So there is various tricks that you can use to increase the resolution of this, such as skip connection or multi resolution idea as well. Here you will notice you actually estimate these across a number of bounding boxes in different layers. You do not actually impose this grid on one particular feature maps but actually impose this on multiple feature maps across the depth of the network. So closer to the input you will have higher resolution one since the larger size outputs allow you to do that. Whereas deeper inside the network, your convolutional neural output maps are much smaller, and so your predictions are going to be smaller as well. You then combine all of the predictions that the neural network makes across all of the different layers and then you perform non maximal suppression. In this case if you notice you will have 8732, a fixed number of prediction and you can apply NMS to that to produce a small number of bounding boxes, for example around the cat and the dog.

YOLO

There are also other architectures such as YOLO (you only look once) that has a similar idea. You have an input image and you want to essentially make predictions for each grid location across those images or across the feature maps. In this case, the only difference is that we are going to use some customized architecture. SSD actually uses a convolutional neural network backbone that is pre trained on ImageNet such as resnet, but in yolo there is a custom architecture that eventually leads to a fully connected layer, making predictions for a fixed number of grid locations.

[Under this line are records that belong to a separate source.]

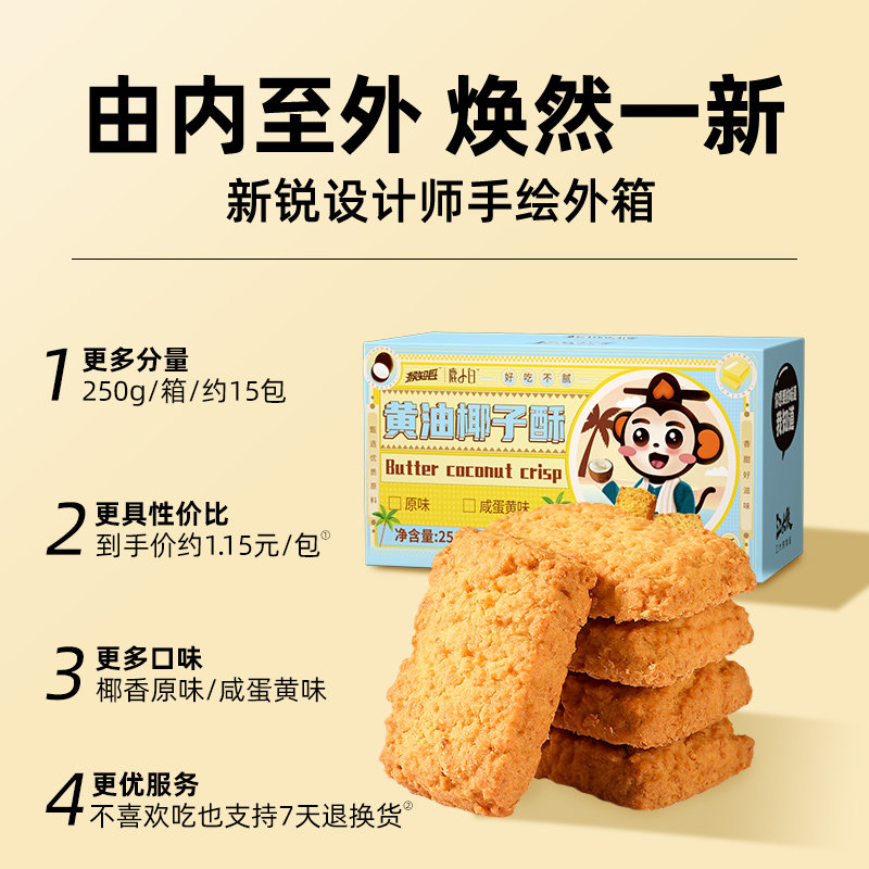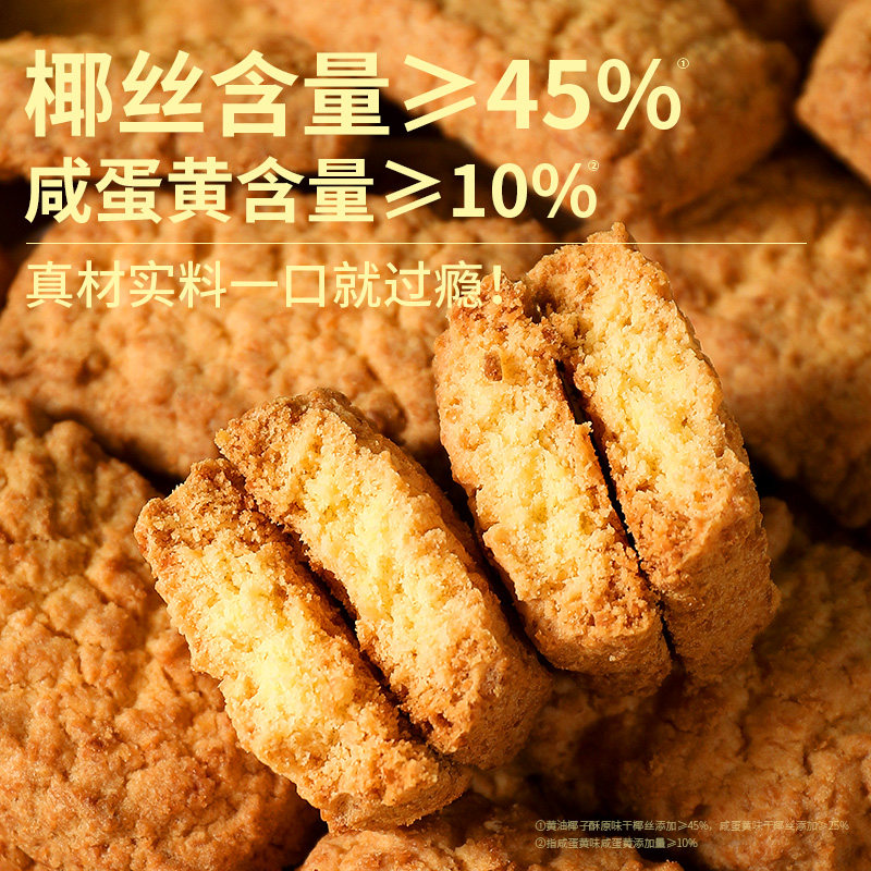 黄油椰子酥饼干椰蓉曲奇咸蛋黄网红零食品小吃早餐特产糕点心早餐
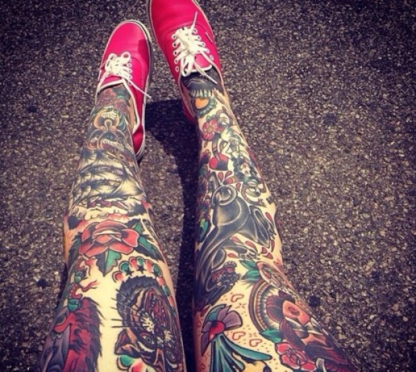 传统花腿纹身--18张传统风格的大花腿纹身图案作品
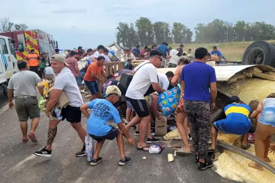 La postal de gente saqueando el cargamento de un camión volcado volvió a repetirse este fin de semana en la localidad bonaerense de Pergamino. Pero esta vez, los vecinos fueron un paso más allá: empezaron a llevarse las cosas cuando todavía no habían trasladado el cuerpo del conductor, que murió producto del siniestro vial.
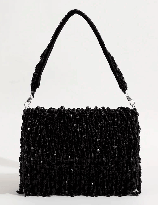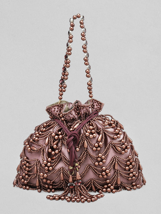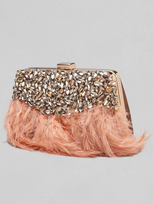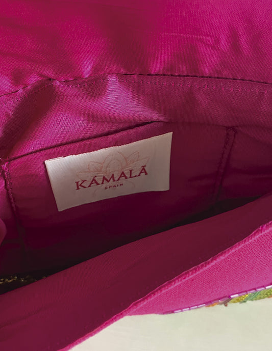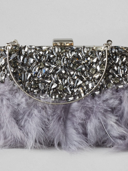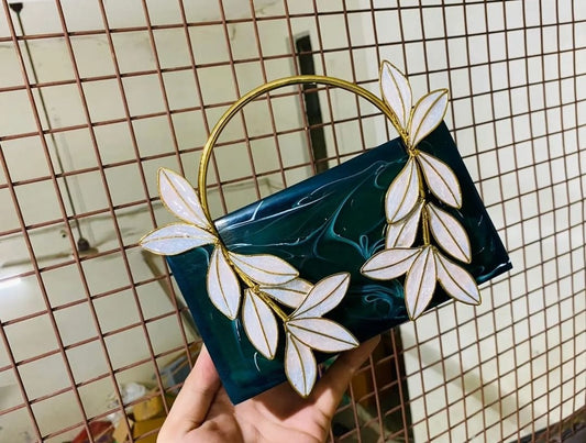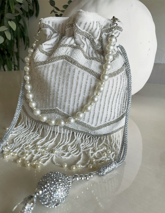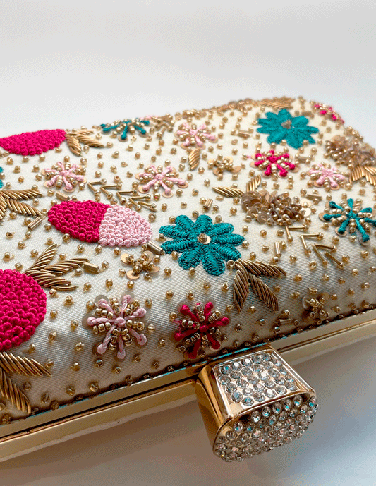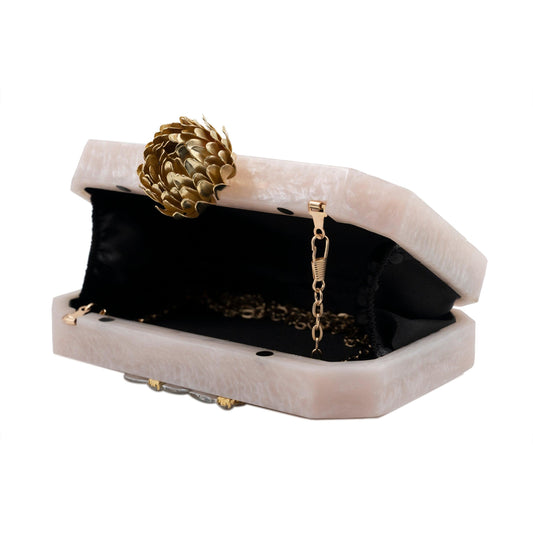 Clutch nacarado blanco con cristal y cierre flor de loto

There are various trade offs between accuracy and computation across all of these architectures.

Datasets

The way we evaluate these through large data sets. There is a dataset called COCO which has a lot more objects per image. Imagenet typically just has one while COCO have somewhere between 3 to 7 objects per image. There are alot more data and categories in COCO, 80 compared to prior object detection datasets such as Pascal VOC.

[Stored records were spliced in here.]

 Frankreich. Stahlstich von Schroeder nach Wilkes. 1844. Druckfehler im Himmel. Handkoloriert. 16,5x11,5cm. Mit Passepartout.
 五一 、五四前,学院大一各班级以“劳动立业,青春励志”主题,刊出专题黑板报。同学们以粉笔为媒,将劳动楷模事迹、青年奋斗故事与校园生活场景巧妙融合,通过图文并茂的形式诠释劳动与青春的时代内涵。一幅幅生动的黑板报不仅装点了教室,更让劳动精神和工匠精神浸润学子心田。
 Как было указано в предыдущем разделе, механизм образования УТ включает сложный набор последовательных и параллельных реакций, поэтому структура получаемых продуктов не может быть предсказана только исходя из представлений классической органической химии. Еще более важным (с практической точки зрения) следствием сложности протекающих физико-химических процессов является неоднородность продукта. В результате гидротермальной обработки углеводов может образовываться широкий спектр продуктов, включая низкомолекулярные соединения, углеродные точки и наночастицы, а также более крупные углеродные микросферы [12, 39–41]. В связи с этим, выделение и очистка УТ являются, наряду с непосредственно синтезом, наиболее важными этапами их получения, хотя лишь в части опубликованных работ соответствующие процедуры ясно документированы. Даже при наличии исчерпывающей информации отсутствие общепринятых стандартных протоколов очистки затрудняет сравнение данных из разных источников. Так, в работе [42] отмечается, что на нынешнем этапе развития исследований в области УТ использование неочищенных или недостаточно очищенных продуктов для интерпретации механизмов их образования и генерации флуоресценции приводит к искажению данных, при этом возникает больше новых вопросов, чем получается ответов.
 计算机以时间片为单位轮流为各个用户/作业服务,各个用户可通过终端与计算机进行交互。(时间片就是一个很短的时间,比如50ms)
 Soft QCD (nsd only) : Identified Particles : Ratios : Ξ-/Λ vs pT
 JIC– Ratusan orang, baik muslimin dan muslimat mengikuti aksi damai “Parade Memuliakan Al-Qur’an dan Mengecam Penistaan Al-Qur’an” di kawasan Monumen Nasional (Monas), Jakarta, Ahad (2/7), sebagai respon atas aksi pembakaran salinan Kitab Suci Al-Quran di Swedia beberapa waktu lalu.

Here you can see a distribution or histogram across all of these different categories.

Evaluation – Mean Average Precision (mAP)

There is also various ways to perform evaluation. In the case of bounding boxes the metrics are much more complicated.

Here is one example:

• For each bounding box, calculate intersection over union (IoU)
• Keep only those with IoU > threshold (e.g. 0.5)
• Calculate precision/recall curve across classification probability threshold
• Calculate average precision (AP) over recall of [0, 0.1, 0.2,…, 1.0]
• e.g at each recall point, calculate the precision and store them in an array and average input.
• Average over all categories to get mean Average Precision (mAP)
  • Higher is better

Over many years, many different architectures have been developed - there is lots of trade offs that you can make. Typically these represent on the x-axis some form of computation complexity either flops floating operation per second (FLOPS) or frames per second (FPS). On the Y-axis you could show the mean average precision.

There is various types of architectures such as the YOLOs which have pretty good trade offs. There is a new variant called PP-YOLO which came out in 2020 that also has a pretty good trade off, you can go up to 130 frames per second on a good GPU. There is also new architectures based on efficient net.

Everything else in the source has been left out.